The sample includes 100 female and 100 male (see table 1), with both genders equally represented. The years of employment and salary variables are both metric. The dependent variable salary has a mean of 1.2230345^{5} and the standard deviation 7.9030117^{4}. The independent variable years of employment has the mean 15.7343624 and standard deviation 9.0356184.
The plot showed a strong positive association between salary and years of experience, with a clear upward trend visible, but the line is curved, non-linear.
plot(df$years_empl, df$salary)
#### 3. Estimate salary by years of employment
To transform the dependent variable salary, the we took the logarithm base 10 of salary, which transformed the geometric salary growth into an arithmetic scale.
lm(df$salary ~ df$years_empl)
##
## Call:
## lm(formula = df$salary ~ df$years_empl)
##
## Coefficients:
## (Intercept) df$years_empl
## -2684 7944
lm(log(salary) ~ years_empl, data = df)
##
## Call:
## lm(formula = log(salary) ~ years_empl, data = df)
##
## Coefficients:
## (Intercept) years_empl
## 10.383 0.071
# Add linear regression line & plot
plot(df$years_empl, log10(df$salary),
main = "Linearized: Years of Experience vs log10(Salary)",
xlab = "Years of Experience", ylab = "log10(Salary)")

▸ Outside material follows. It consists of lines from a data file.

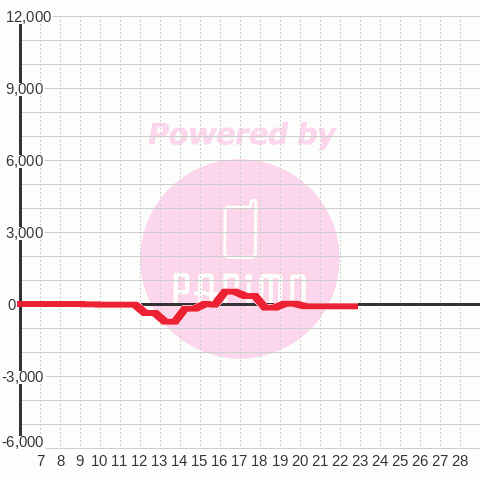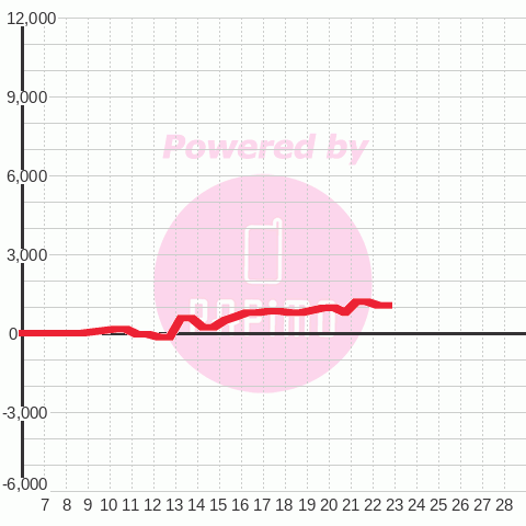 | 総スタート 6,956 | 最終スタート 4 | 最大出メダル 2,993 |
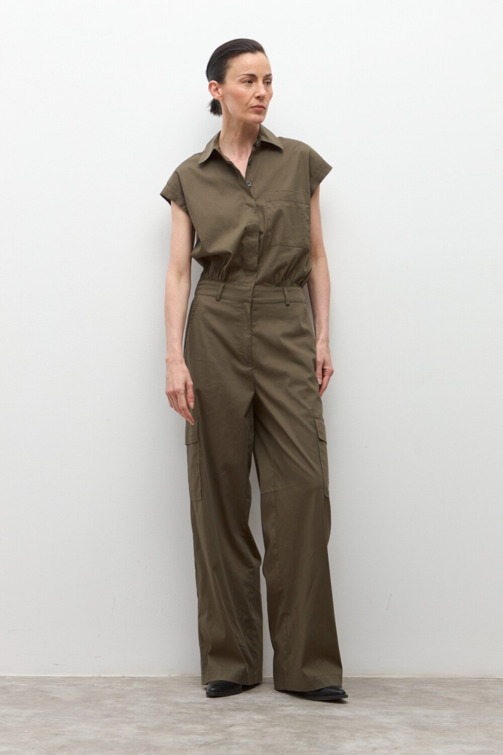 Mono de cuello solapa y manga corta. Bolsillos delanteros. Piernas anchas. Cintura elástica en espalda.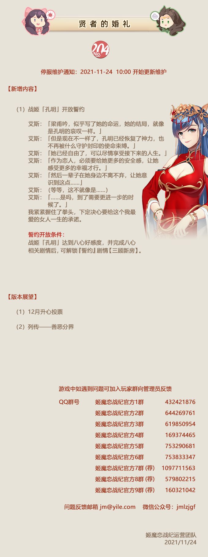No.204 贤者的婚礼《姬魔恋战纪》11月24日更新公告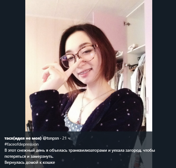 После этого сеть наводнили посты людей, столкнувшихся с похожими обстоятельствами. Под хэштегами #faceofdepression, #лицодепрессии пользователи выкладывают фото и видео, сделанные во время тяжелой депрессии, накануне попыток самоубийства, фотографии друзей и родных, которые вскоре после съемки покончили с собой.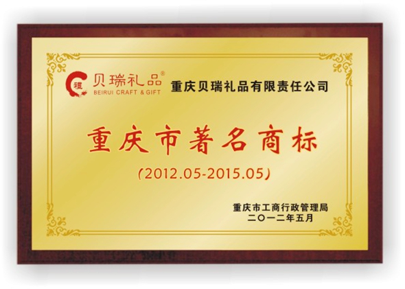 在2013年11月28日举行的“2013年沙坪坝区商标战略发展工作推进会暨商标培训会”上,贝瑞礼品因荣获“重庆市著名商标”特别受邀与会,并在会上受到沙坪坝区对“重庆市著名商标”的极大肯定和特别嘉奖并获得现金奖励。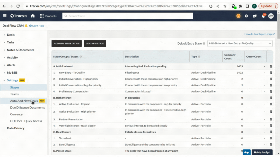 Auto-add new deal allows you to define a mandate using a query (Tracxn companies URL).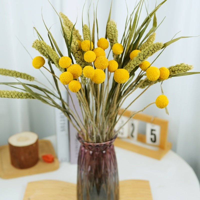 黄金球干花花束装饰品摆件满天星插花天然风干真花材料紫罗兰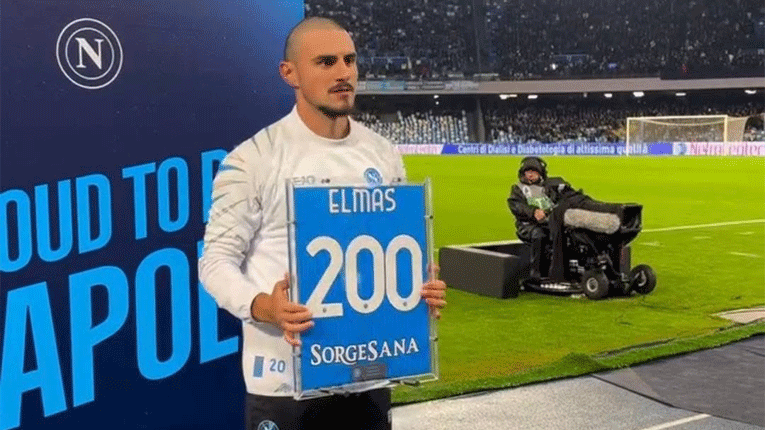 Македонскиот фудбалски репрезентативец Елиф Елмас одигра 20-тина минути во победата на Наполи над Аталанта, и тоа беше негов 200-ти настап во дресот на актуелниот италијански првак.

lm(log10(salary) ~ years_empl, data = df)
##
## Call:
## lm(formula = log10(salary) ~ years_empl, data = df)
##
## Coefficients:
## (Intercept) years_empl
## 4.50918 0.03083
abline(lm(df$years_empl ~ log10(df$salary))) # can´t draw the line
#### 4. Interpretation
The model showed that for a person with zero years of employment, the estimated salary is 7943.255 and the salary increases by -2684.255 with each additional year of employment.
The transformed model shows that with each extra year of employment, the log (base 10) of salary goes up by 0.071.